Guest essay by Eric Worrall
Just in case you thought the climate movement and Penn State University couldn’t sink any lower.
Climate Change Could Make The Opioid Crisis Worse
March 24th, 2018
By Marlene Cimons
America’s opioid epidemic has dominated the news media in recent years, as drug overdose deaths have escalated, decimating lives and families. And while climate change may not be top of mind in discussions about how to effectively deal with this crisis, it’s a factor that shouldn’t be ignored.
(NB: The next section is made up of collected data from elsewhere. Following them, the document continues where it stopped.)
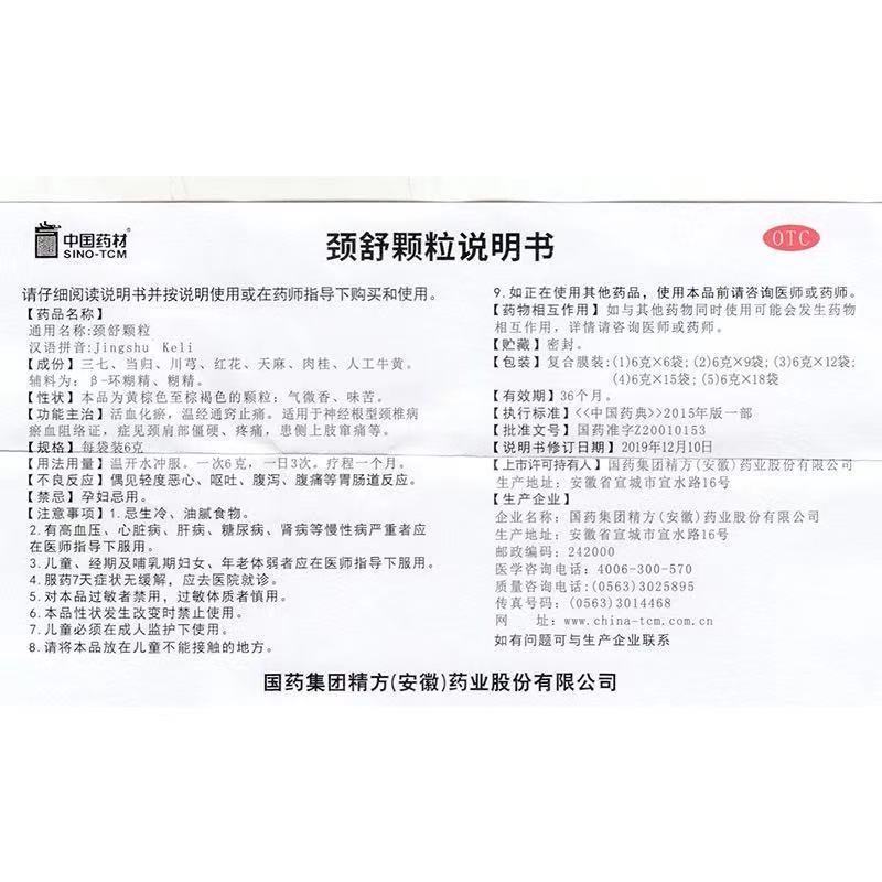 - 商品名称:中国药材 颈舒颗粒 6克*9袋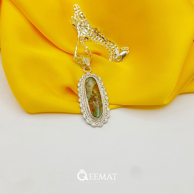 Ellipse Shape Scenic Turquoise Necklace – Long Wedding Event Pendant
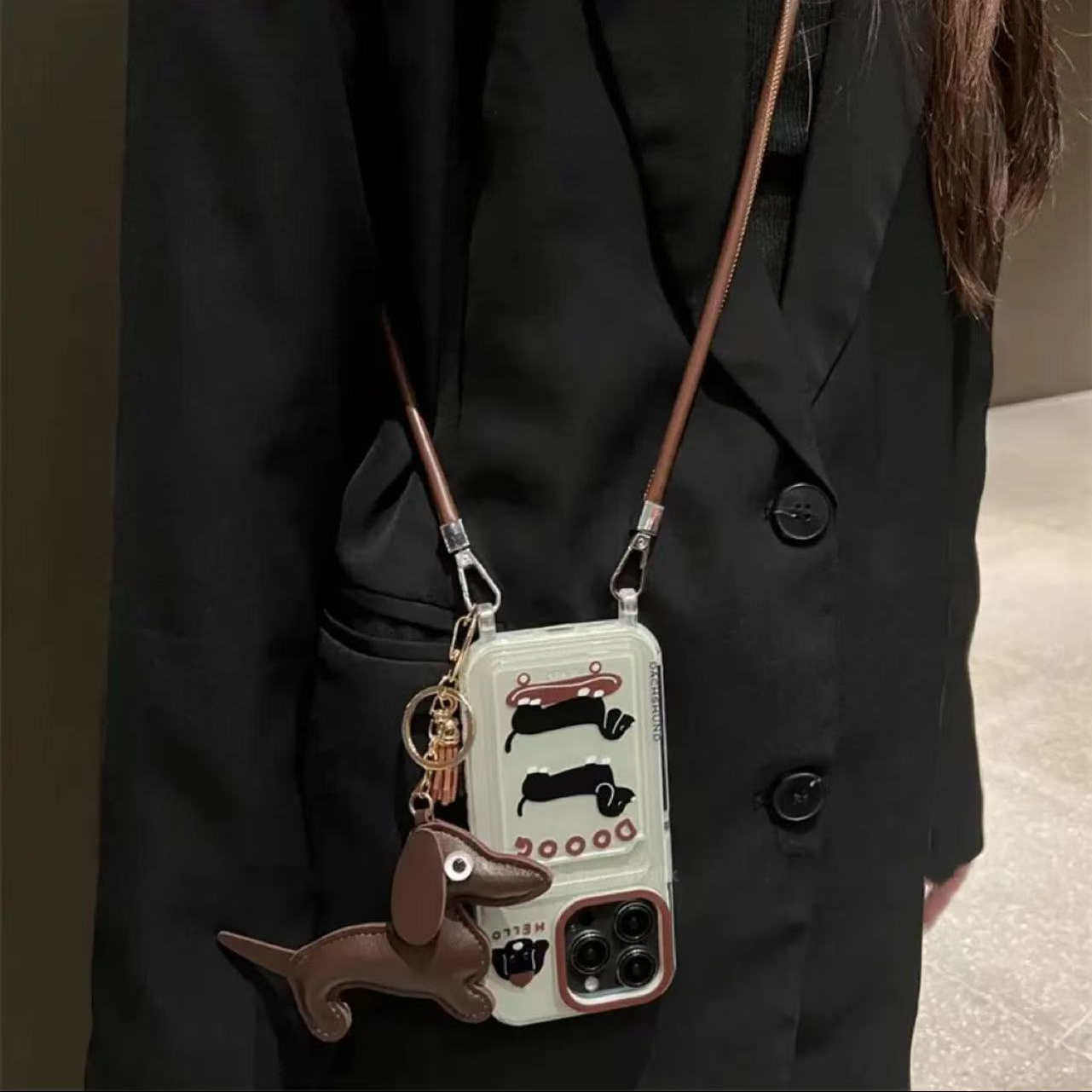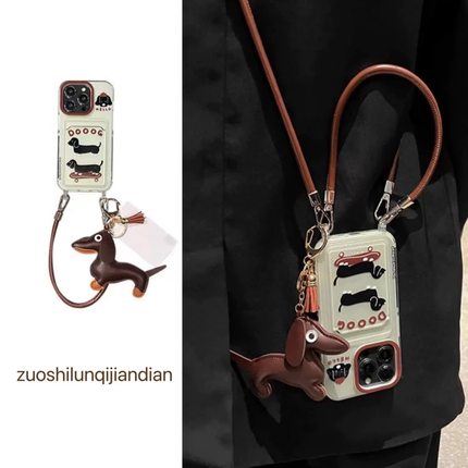 趣味棕腊肠狗适用三星s25edge手机壳s24ultra卡包s23+手绳s21fe卡通a05s/a17斜跨绳a17/a26/a35/a52s/a54/a56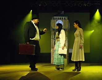 Das Bild zeigt Nancy und Benjamin Baier gemeinsam mit Dr. Michelle Pechtold in einer Szene aus „In 80 Tagen um die Welt“.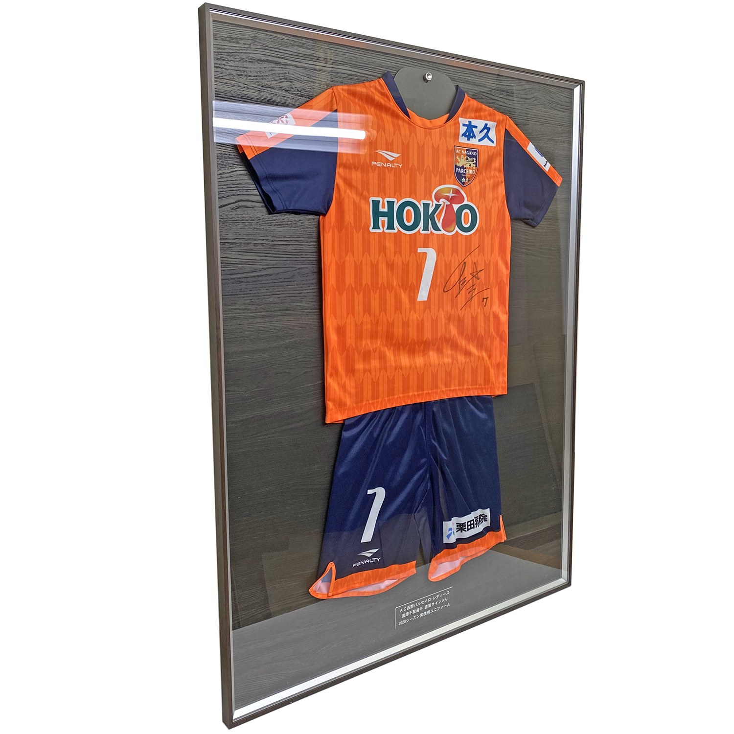 上半身用のハンガーに吊り下げた、パンツ用のハンガーも使って、ユニフォームの上下を違和感なく飾っています。ユニフォームの額装は、基本的に取り外すことを考えないピシッと伸ばしたセット方法と、ハンガーを使って自然に飾る方法に大別されます。いずれも一長一短がありますが、ハンガーを使った方法はお客様の手でもセットしやすいのがメリットです。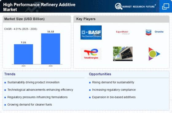 Technological advancements play a pivotal role in shaping the High Performance Refinery Additive Market. Innovations in refining processes, such as advanced catalytic cracking and hydrocracking technologies, are enhancing the efficiency of additive utilization. These technologies enable refiners to optimize the performance of additives, resulting in improved fuel quality and reduced operational costs. For instance, the integration of digital technologies and data analytics in refining operations has led to more precise additive dosing, thereby maximizing their effectiveness. As a result, the High Performance Refinery Additive Market is likely to witness increased adoption of these cutting-edge technologies, which could potentially lead to a market growth rate of around 6% annually in the coming years.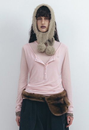 [OPEN YY] SHAGGY POMPON SCARF, BEIGE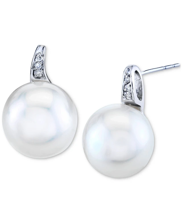 Cultured Freshwater Pearl (11mm) & Diamond Accent Earrings Stud Earrings in 10k White Gold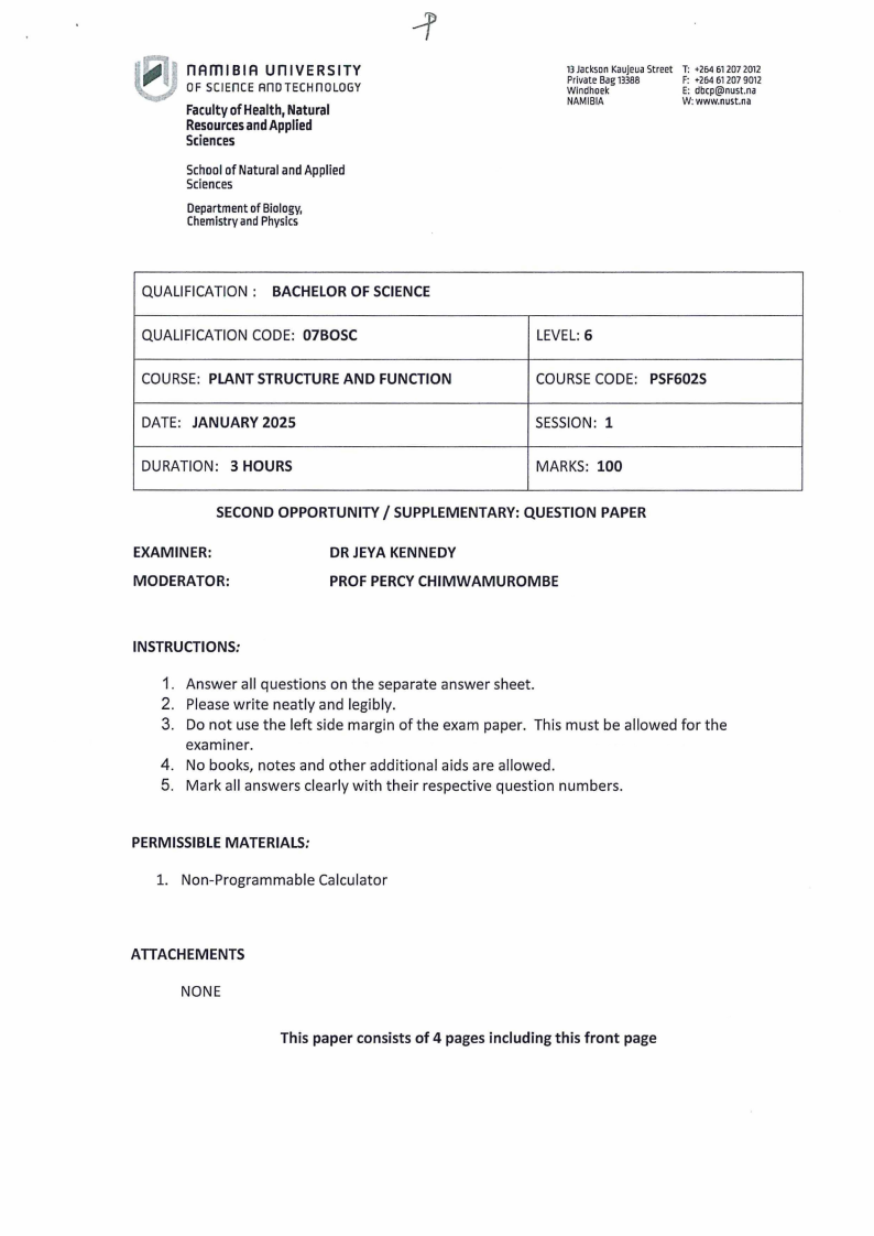 PLANTSTRUCTUREAND FUNCTION: PSF602S

Global warming spawns extreme weather, which begets destruction and despair, a dangerous scenario for people looking for a way to numb their emotional pain.
“It is reasonable to expect that damage and destruction cause emotional and mental health problems and lead to drug abuse, both new and existing users,” said Stephan Goetz, professor of agricultural and regional economics at Pennsylvania State University. “There are long-lasting effects of such calamities, and they do not tend to diminish.”
His data, which examined the trends for all U.S. counties over four decades, show an increase in drug-related deaths associated with natural disasters, particularly in rural areas. “Given that, in the United States, climatic disasters dominate disaster declarations and some of them — precipitation, floods, droughts — may become more frequent and intense due to climate change, our results do indicate we may see increased deaths from opioids, all else unchanged,” he said.
See – the solution to the US opioid crisis is to build more wind turbines and solar installations, and to provide more funding for climate research.